Jane Clausen no estaba muy segura de poder asistir a la reunión del Fideicomiso de la Familia Clausen. Había tenido una noche difícil, con muchos dolores, y deseaba pasar el día descansando tranquilamente en casa.
Sólo la inquietante certeza de que se le acababa el tiempo le dio las fuerzas necesarias para levantarse a la hora de siempre, las siete de la mañana, ducharse, vestirse y tomar el desayuno liviano que Vera, la vieja ama de llaves, le había preparado.
Mientras tomaba café, cogió el New York Times, empezó a leer la primera página y volvió a dejarlo. Sencillamente no podía concentrarse en los acontecimientos que aparentemente atraían la atención del resto del mundo. Su mundo personal empezaba a estrecharse hasta casi desvanecerse, y lo sabía.
Recordó la tarde anterior. La desilusión porque Karen no se hubiera presentado en la consulta de la doctora Chandler era cada vez mayor. Se dio cuenta de que tenía muchas preguntas para hacer a esa mujer: «¿Cómo era ese hombre? ¿Tuvo usted sensación de peligro?».
La idea se le había ocurrido en medio de la noche. Regina era una persona muy intuitiva. Evidentemente, si había conocido a un hombre que le gustaba lo suficiente como para cambiar el itinerario, debió de parecerle intachable.
Intachable. Y ahora esa palabra empezaba a fastidiarla porque le provocaba dudas sobre Douglas.
Douglas Layton, miembro de una familia ilustre, llevaba un apellido que garantizaba su origen. Le había hablado con cariño de sus primos de Filadelfia, hijos de contemporáneos de ella ya fallecidos.
Jane Clausen conocía a esos Layton de Filadelfia desde que eran jóvenes. Aunque con el paso de los años había perdido el contacto, los recordaba muy bien. Pero Doug había confundido varias veces sus nombres al mencionarlos. La señora Clausen se preguntaba hasta qué punto tenía una relación cercana con ellos.
Los antecedentes académicos de Doug eran excelentes. No había dudas de que era muy inteligente. Hubert March, que estaba preparándolo para que fuera su sucesor, lo había propuesto para la junta directiva de la fundación.
¿Qué me preocupa?, se preguntó Jane Clausen mientras aceptaba el café que le ofrecía Vera.
Decidió que era lo sucedido el día anterior, el hecho de que Douglas Layton tuviera un compromiso que le impidiera quedarse con ella en la consulta de la doctora Chandler.
Anoche, cuando llamó, le hice saber que estaba disgustada, pensó Jane Clausen, que se daba cuenta de que el episodio aún no había concluido. Pensó en lo que había debajo de la superficie. Douglas Layton era conciente de que tenía mucho que perder si se marchaba de la consulta de la doctora con una excusa falsa.
Y era evidente que era falsa. Jane Clausen estaba segura de que la supuesta cita era una excusa. Pero ¿por qué?
En la reunión de la junta directiva de esa mañana se decidirían un número importante de subvenciones y era muy difícil aceptar las sugerencias de alguien de quien se empezaba a dudar, pensó. Si Regina estuviera aquí, lo discutiríamos. «Nosotras somos la prueba de que dos cabezas es mejor que una, ¿no te parece, madre? —solía decir—. Las dos formamos un buen equipo para resolver problemas».
Susan Chandler. Jane pensó en lo bien que le había caído la joven psicóloga.
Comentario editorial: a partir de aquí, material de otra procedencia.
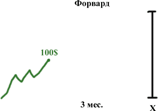 Теперь, чтобы лучше понять пример, не думаем о том, как в данном случае извлечь прибыль, а просто пытаемся понять логику всего процесса. Для этого представим себя производителями этого зерна, то есть некими фермерами. Мы – американский фермер – смотрим на цену на зерно, она равна 100 долл. (рис. 1.1). Эта цена нас вполне устраивает, и весь наш бизнес-план построен из такого расчета, что цена на зерно будет 100 долл. А именно – мы должны спланировать на определенный промежуток времени такие параметры, как оплата труда, кредиты, арендные платежи и различные другие моменты. Но зерна у нас сейчас нет. Зерно появится только через три месяца в некоторый день Х (рис. 1.2).

Es inteligente y bondadosa, se dijo mientras recordaba la expresión compasiva de sus ojos. Se dio cuenta de lo desilusionada y dolorida que estaba ayer. Tomarme un té con ella fue un alivio. Nunca he tenido mucha necesidad de ir corriendo a un terapeuta, pero ella se comportó enseguida como una amiga.
Se puso de pie. Era hora de asistir a la reunión. Quería tener tiempo para estudiar todas las solicitudes de subvenciones. Decidió que esa tarde llamaría a la doctora Chandler y le pediría una cita.
Sé que Regina habría estado de acuerdo, pensó mientras sonreía.